▶ [To do]: Pictures in the entries below are excluded; copy only the lines from the one containing "花开童年和田玉官娘子S925银耳钉鎏金珐琅彩耳环京剧脸谱耳饰" to the one containing "8. Transfer the", both included.

▶ [Records for this exercise]:
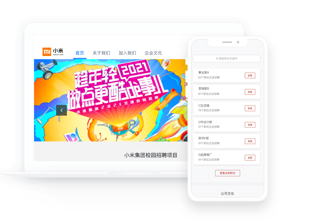 围绕宣讲会、Open Day的需求,Moka提供招聘官网模板,HR可自主搭建多品牌的校招官网/官微,结合社交媒体的传播和富媒体的内容呈现,吸引优秀生源。
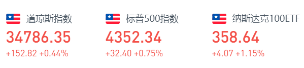上周五(7月2日)截至收盘,纳斯达克综合指数涨116.95点,涨幅0.81%,报14639.33点;道琼斯指数涨152.82点,涨幅0.44%,报34786.35点;标普500指数涨32.4点,涨幅0.75%,报4352.34点。标普500指数连续7日创历史新高,为1997年以来首次。
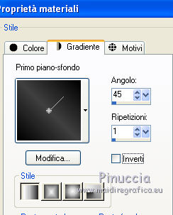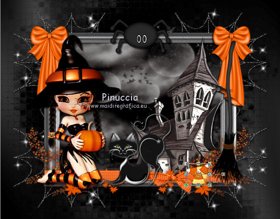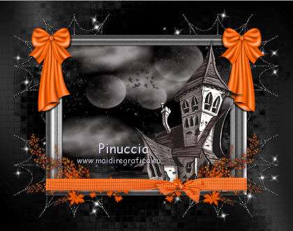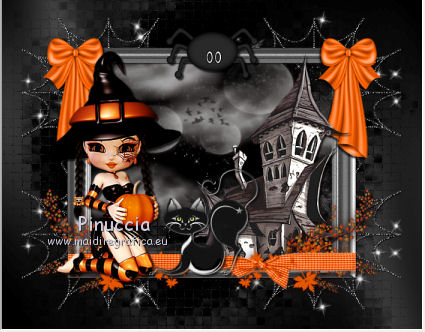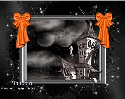 1. Apri una nuova immagine trasparente 700 x 550 pixels. 2. Imposta il colore di primo piano con #000000, e il colore di sfondo con #404040. Passa il colore di primo piano a Gradiente, con i seguenti settaggi. ![]() Riempi l'immagine trasparente con il gradiente.3. Effetti>Plugins>Graphics Plus - Cross Shadow, con i settaggi standard. ![]() 4. Apri il tube mask_halloween02 e vai a Modifica>Copia. Torna al tuo lavoro e vai a Modifica>Incolla come nuovo livello. 5. Immagine>Ridimensiona, al 150%, tutti i livelli non selezionato. 6. Effetti>Effetti di trama>Mosaico antico. ![]() 7. Effetti>Effetti di bordo>Aumenta. 8. Apri il tube mask_mistery e vai a Modifica>Copia. Torna al tuo lavoro e vai a Modifica>Incolla come nuovo livello. 9. Apri il tube LD_FRAME e vai a Modifica>Copia. Torna al tuo lavoro e vai a Modifica>Incolla come nuovo livello. 10. Apri il tube SM_halloween_Bow_1 e vai a Modifica>Copia. Torna al tuo lavoro e vai a Modifica>Incolla come nuovo livello. Spostalo sul bordo della cornice in alto a sinistra.11. Effetti>Effetti 3D>Sfalsa ombra. ![]() 12. Livelli>Duplica. Immagine>Rifletti. 13. Apri il tube maison_hantee3 e vai a Modifica>Copia. Torna al tuo lavoro e vai a Modifica>Incolla come nuovo livello. Spostalo sul bordo della cornice a destra.![]() 14. Effetti>Effetti 3D>sfalsa ombra. ![]() 15. Apri il tube SM_halloween_leaves e vai a Modifica>Copia. Torna al tuo lavoro e vai a Modifica>Incolla come nuovo livello. Spostalo sul bordo del quadro in basso.16. Apri il tube lliella_CPicnic_bowbig1 e vai a Modifica>Copia. Torna al tuo lavoro e vai a Modifica>Incolla come nuovo livello. Spostalo in basso, sulle foglie.![]() 17. Apri il tube SSLisa - Cookie - Halloween Freebie 5 e vai a Modifica>Copia. Torna al tuo lavoro e vai a Modifica>Incolla come nuovo livello. Spostalo in basso a sinistra.18. Effetti>Effetti 3D>sfalsa ombra. ![]() 19. Apri il tube BITN08-CANDY_SPIDER e vai a Modifica>Copia. Torna al tuo lavoro e vai a Modifica>Incolla come nuovo livello. Spostalo in alto al centro della cornice.20. Effetti>Effetti 3D>Sfalsa ombra. ![]() 21. Apri il tube blackKat2rae édition e vai a Modifica>Copia. Torna al tuo lavoro e vai a Modifica>Incolla come nuovo livello. Spostalo in basso al centro della cornice.![]() 22. Effetti>Effetti 3D>Sfalsa ombra. ![]() 23. Apri il tube BITN08-WITCHBROOM e vai a Modifica>Copia. Torna al tuo lavoro e vai a Modifica>Incolla come nuovo livello. Spostalo sulla cornice a destra.24. Apri il tube BITN08-CANDYCORN e vai a Modifica>Copia. Torna al tuo lavoro e vai a Modifica>Incolla come nuovo livello. Spostalo sul nastro in basso![]() 25. Apri il file con il testo e vai a Modifica>Copia. Torna al tuo lavoro e vai a Modifica>Incolla come nuovo livello. Spostalo dove preferisci o vedi il mio esempio.26. Livelli>Unisci>Unisci tutto. Immagine>Aggiungi bordatura, 20 pixels, simmetriche, con il colore nero. 27. Apri il tube BITN08-CANDYCORNBORDER e vai a Modifica>Copia. Torna al tuo lavoro e vai a Modifica>Incolla come nuovo livello. 28. Immagine>Aggiungi bordatura, 2 pixels, simmetriche, con il colore arancio #E45600. Firma il tuo lavoro e salva in formato jpg. Se hai problemi o dubbi, o trovi un link non funzionante, o anche soltanto per un saluto, scrivimi. 27 Settembre 2011 |
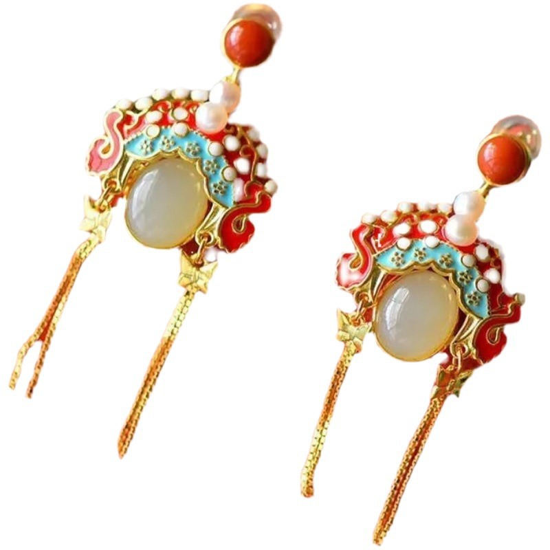 花开童年和田玉官娘子S925银耳钉鎏金珐琅彩耳环京剧脸谱耳饰
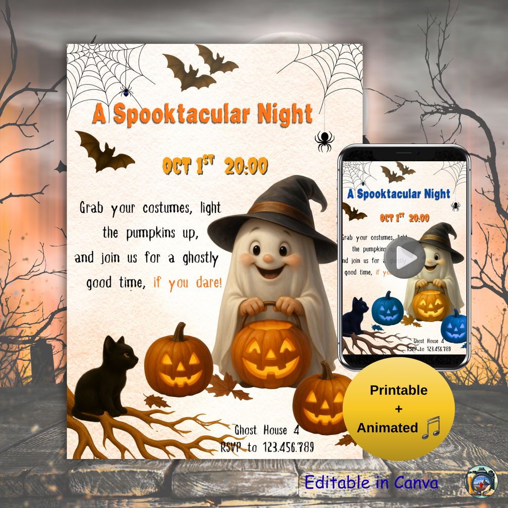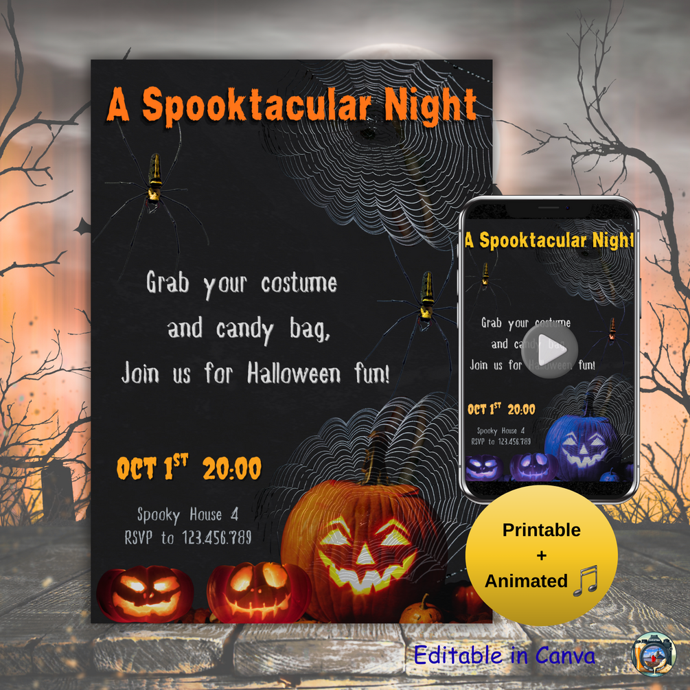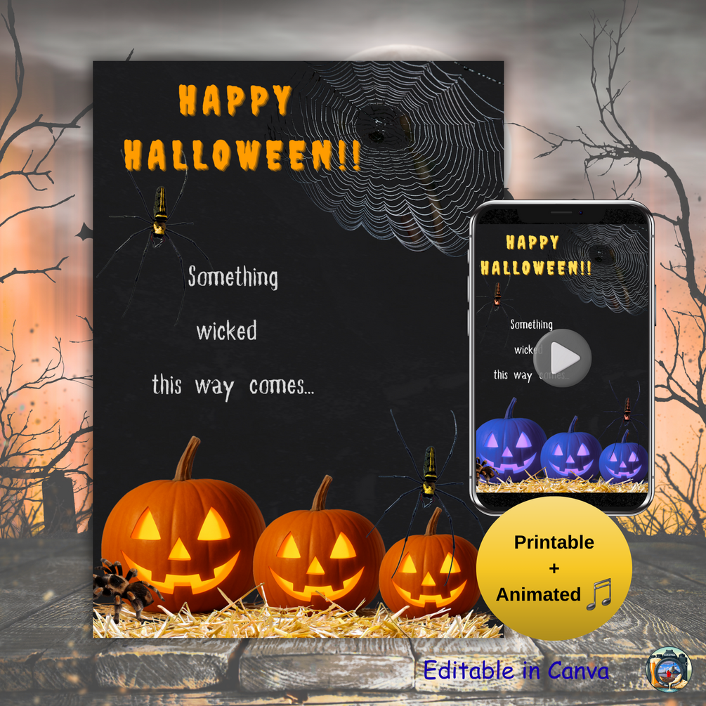 Editable Halloween Card Template | Printable & Animated Greeting Wishes, Invite | Spooky Pumpkin Canva Design
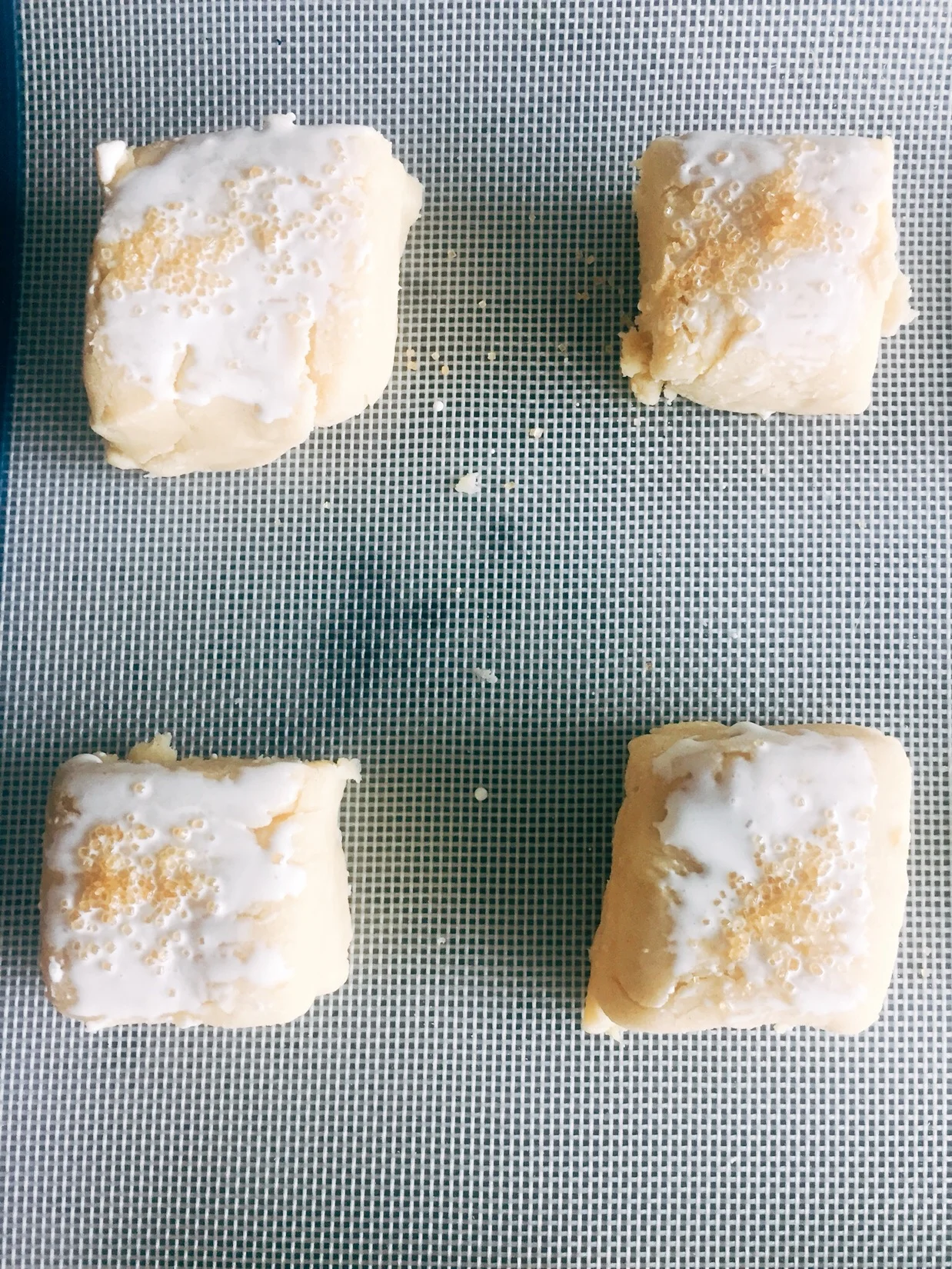 8. Transfer the pieces to a prepared baking sheet. Sprinkle tops with sugar & brush with some cream. Freeze this for 10 minutes.
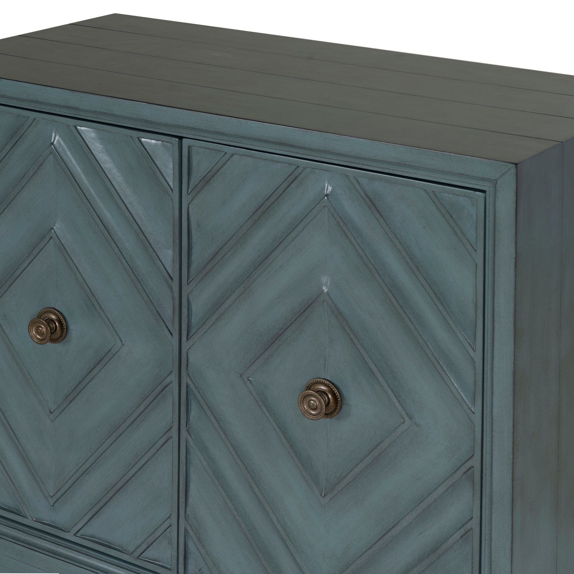Apportez une touche d'élégance à votre intérieur avec ce magnifique meuble à deux portes. Sa finition laquée bleu vif et son motif losanges original sur la façade lui confèrent un style à la fois ludique et raffiné. Fabriqué en MDF et pin robustes, ce meuble allie esthétique et fonctionnalité, supportant jusqu'à 50 kg sur le plateau et 23 kg par étagère intérieure. Le montage est un jeu d'enfant : il suffit de fixer les pieds ! Idéal pour ranger vos objets du quotidien ou mettre en valeur votre décoration, ce meuble d'appoint est conçu pour sublimer votre intérieur tout en s'y intégrant harmonieusement.
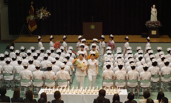 看護学科1年生です。戴帽式は、看護師の象徴であるナースキャップを戴き、看護の心をキャンドルに灯して看護師になるための気持ちを誓う式典です。
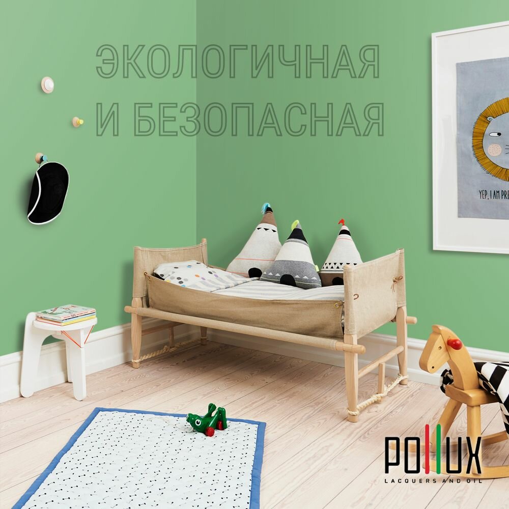 Краска моющаяся интерьерная для стен и потолков, Pollux INTERIOR без запаха, быстросохнущая, акриловая, матовое покрытие, цвет NCS S 5540-G20Y, 1л.
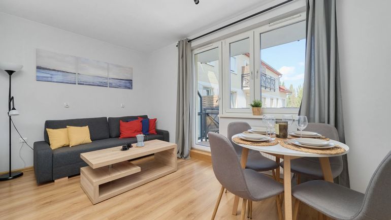 Ten wrocławski apartament o powierzchni 37 m² jest odpowiedni dla 4 gości. To świetne miejsce noclegowe dla rodzin preferujących spokój i wytchnienie od zgiełku miasta. Mieszkanie składa się dwóch pokoi - słonecznego salonu z aneksem kuchennym oraz wyjściem na balkon, sypialni z wygodnym łóżkiem małżeńskim oraz łazienki z prysznicem. Rozkładana sofa umieszczona w części dziennej zapewni udany relaks po długim dniu, jak i komfortowy sen. Na balkonie znajdują się meble ogrodowe, dzięki czemu Goście mogą rozkoszować się popołudniową filiżanką kawy na świeżym powietrzu. Nowoczesny wystrój wnętrza, z użyciem jasnej palety barw oraz przyjemnych dla oka dodatków, wprowadza miłą i domową atmosferę. Udogodnienia multimedialne w apartamencie obejmują nowoczesny telewizor oraz bezpłatne łącze wi-fi. W salonie znajdziemy również biurko umożliwiające Gościom komfortową pracę zdalną. Kompleksowe wyposażenie kuchenne gwarantuje pełną swobodę w przyrządzaniu smacznych, domowych posiłków, którymi można cieszyć się z rodziną przy jadalnianym stole znajdującym się w salonie. Podróżujący ze zwierzętami są mile widziani - miejsce to jest przyjazne pupilom. Ponadto, przed obiektem znajduje się ogólnodostępny, bezpłatny parking.
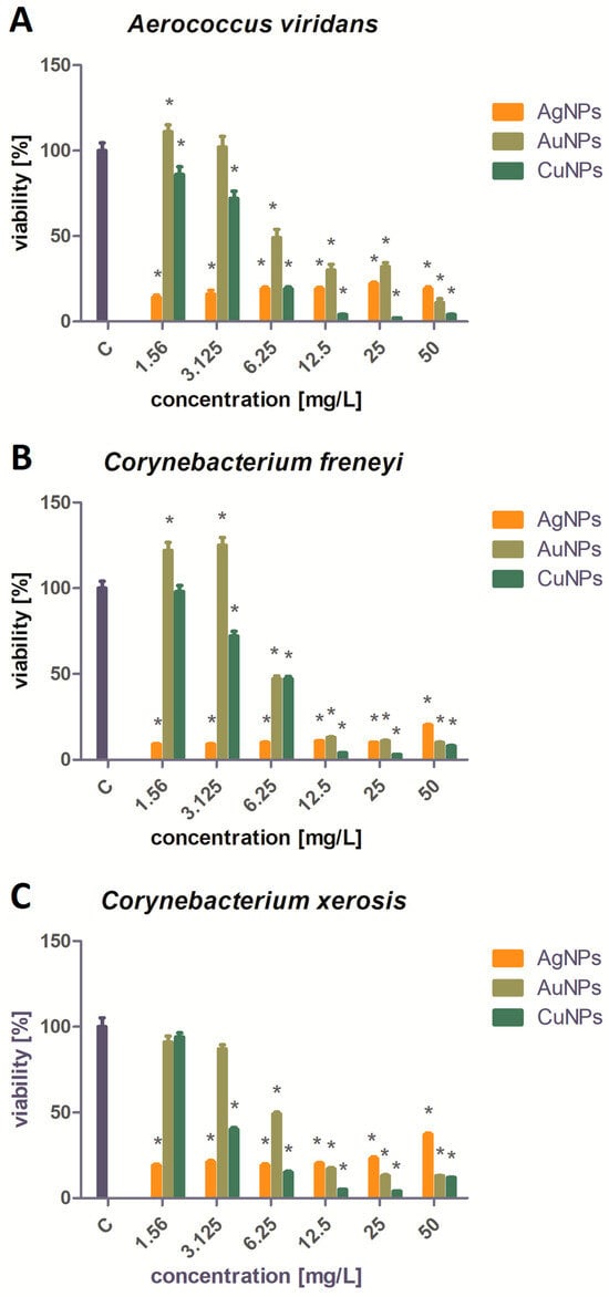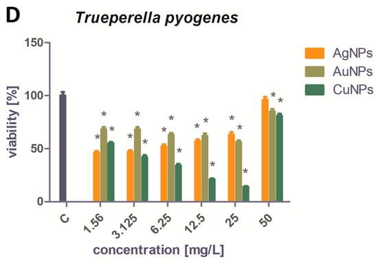 Viability analysis of the tested pathogens treated with Ag, Au, and Cu NPs (%): (A)—Aerococcus viridans, (B)—Corynebacterium freneyi, (C)—Corynebacterium xerosis, and (D)—Trueperella pyogenes. * Significant differences in comparison to control (p < 0.05).
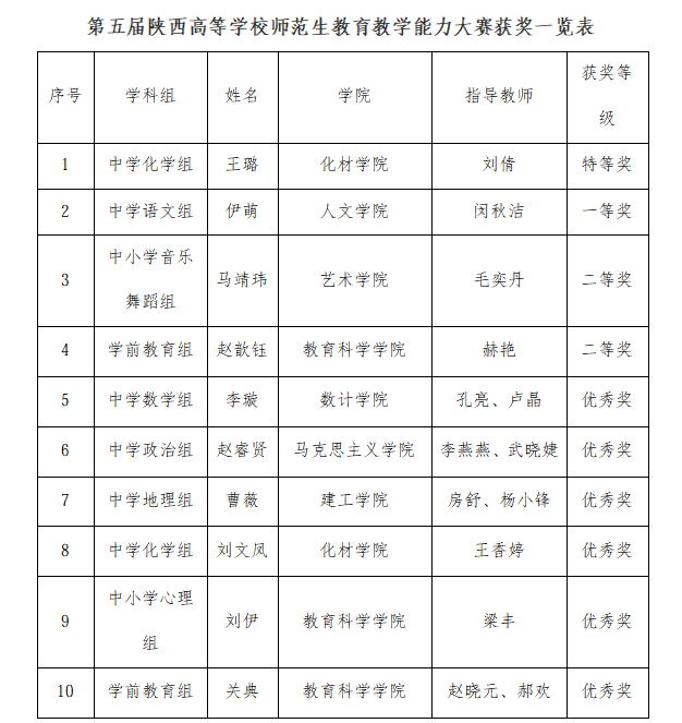 近日,陜西省教育廳公布了第五屆陜西高等學(xué)校師范生教育教學(xué)能力大賽獲獎名單,我校在此次大賽中獲獎10項,其中特等獎1項、一等獎1項、二等獎2項、優(yōu)秀獎6項。
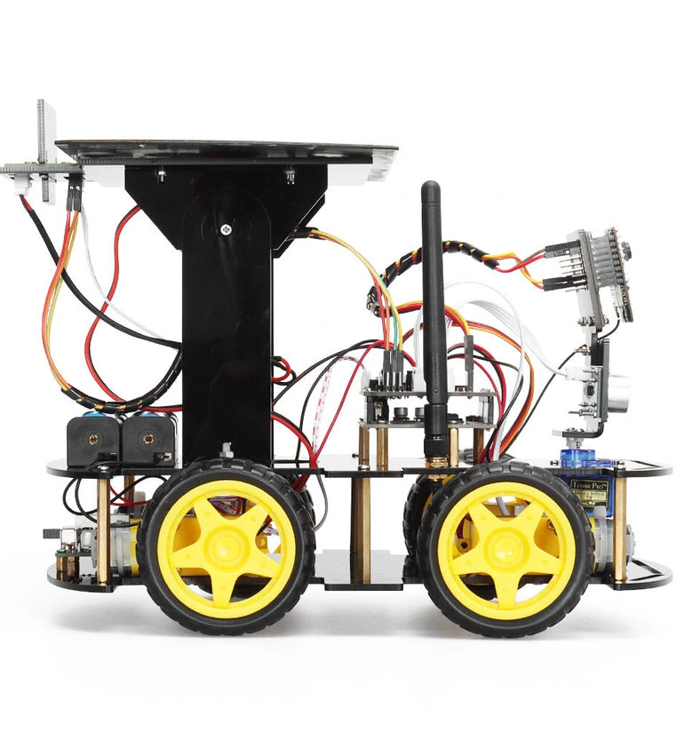 Features:1. Multi-function: three-way tracking, ultrasonic obstacle avoidance and following, camera transmission image function, Control camera lighting PTZ function; WiFi cell phone/PC video remote control cart function (external antenna); 5V solar charging real-time voltage monitoring function.WiFi cell phone/PC video remote control function (external antenna enhanced version); 5V solar charging real-time voltage monitoring function.
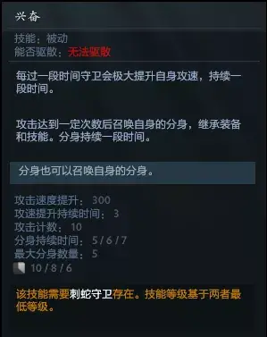 一技能给友军分裂效果,并且攻击的时候有概率触发冲击波,提高一定百分比的攻击,二三技能则作为控场,算是物理系比较常见的辅助英雄,满星的最高层天赋还可以让触发的冲击波再次触发英雄的攻击特效。

▶ [Task response]:
 花开童年和田玉官娘子S925银耳钉鎏金珐琅彩耳环京剧脸谱耳饰
 Editable Halloween Card Template | Printable & Animated Greeting Wishes, Invite | Spooky Pumpkin Canva Design
 8. Transfer the pieces to a prepared baking sheet. Sprinkle tops with sugar & brush with some cream. Freeze this for 10 minutes.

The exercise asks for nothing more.